> _Saved entries_
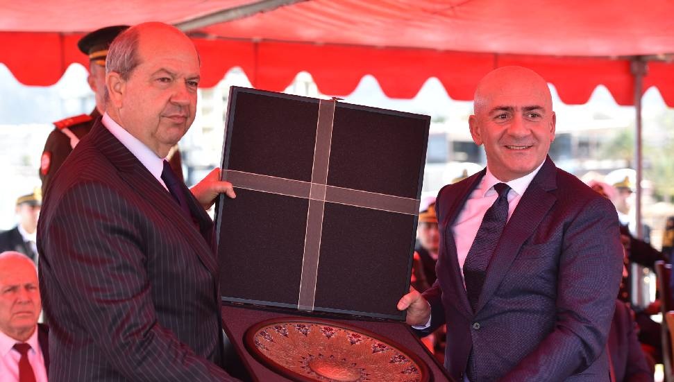 Güvenlik Kuvvetleri Komutanı Tümgeneral Zorlu Topaloğlu’nun yaptığı konuşmanın ardından Ares Tersanesi Yönetim Kurulu Başkanı Kerim Kalafatoğlu, Cumhurbaşkanı Ersin Tatar’a anı objesi sundu.
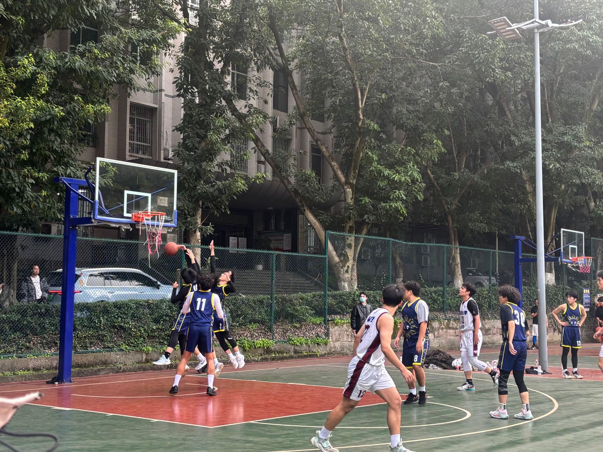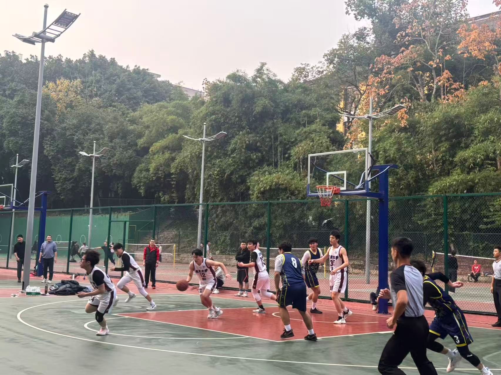 11月30日下午,沙坪坝校区A校园五教篮球场战火燃起,“重大杯”男篮半决赛在此激烈上演。公管男篮迎战生物工程学院队,这场对决关乎冠亚军席位的竞争格局,备受瞩目。此前,公管男篮凭借亮眼表现一路披荆斩棘,高分晋级四强,积累了扎实的比赛经验与默契的团队配合。
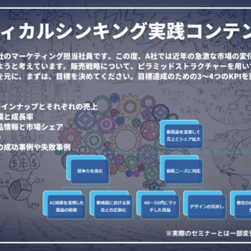 - ・実際のビジネス上の課題をクリティカルシンキングで解決する
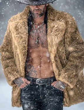 Hombre Chaqueta de Invierno Abrigo de piel sintética Vacaciones Diario Mantiene abrigado Vellón Otoño Invierno Plano Moda Ropa de calle Diseño Largo Negro Blanco Amarillo Color Camello Marrón
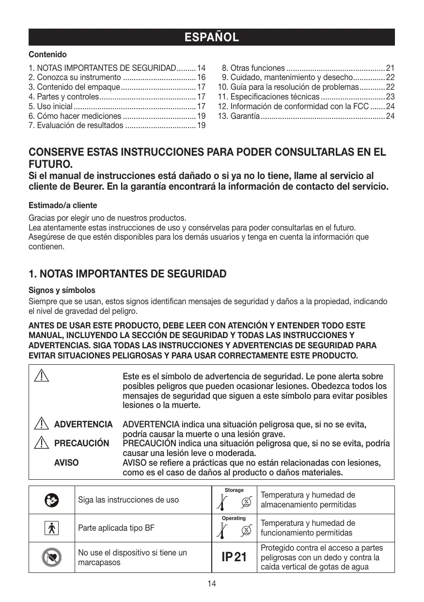 + Les réparations doivent uniquement être effectuées par le service clientèle de Beurer.
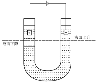 (4)胶体的电泳。如图9.3所示,将自制的Fe(OH)3 溶胶放入U 形管中,在管左右两边沿管壁小心滴入2~3 mL 电解质溶液(导电作用),使电解质与溶胶之间保持清晰界面,内边分界面要高度一致。插入电极,通电,观察现象。
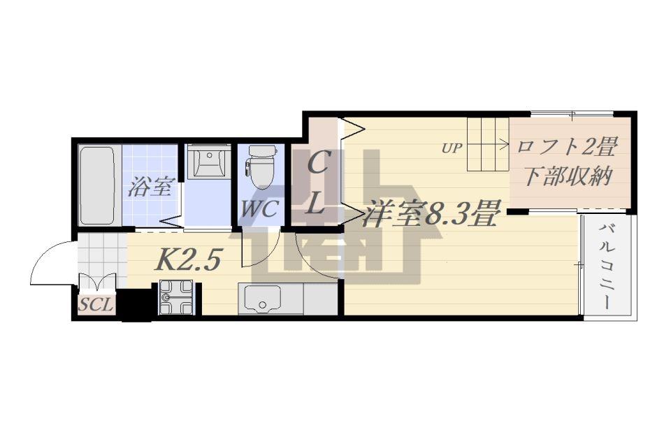 | 間取 | 洋8.3/ロフト2/K2.5/家電3点パック相談 | ||
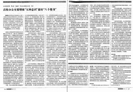 面对新形势、新任务、新要求,在增强“五种意识”的基础上,高校办公室应有一种危机感和责任感,由被动服务向主动服务转变,积极拓展服务范围,努力做好“八个服务”。

> _EXERCISE REQUIREMENTS_
Set down, exactly as written above, each line from the one with "- ・実際のビジネス上の課題をクリティカルシンキングで解決する" through the one with "clientèle de Beurer.", and skip the pictures.

> _REPLY TO THE TASK_
 - ・実際のビジネス上の課題をクリティカルシンキングで解決する
 Hombre Chaqueta de Invierno Abrigo de piel sintética Vacaciones Diario Mantiene abrigado Vellón Otoño Invierno Plano Moda Ropa de calle Diseño Largo Negro Blanco Amarillo Color Camello Marrón
 + Les réparations doivent uniquement être effectuées par le service clientèle de Beurer.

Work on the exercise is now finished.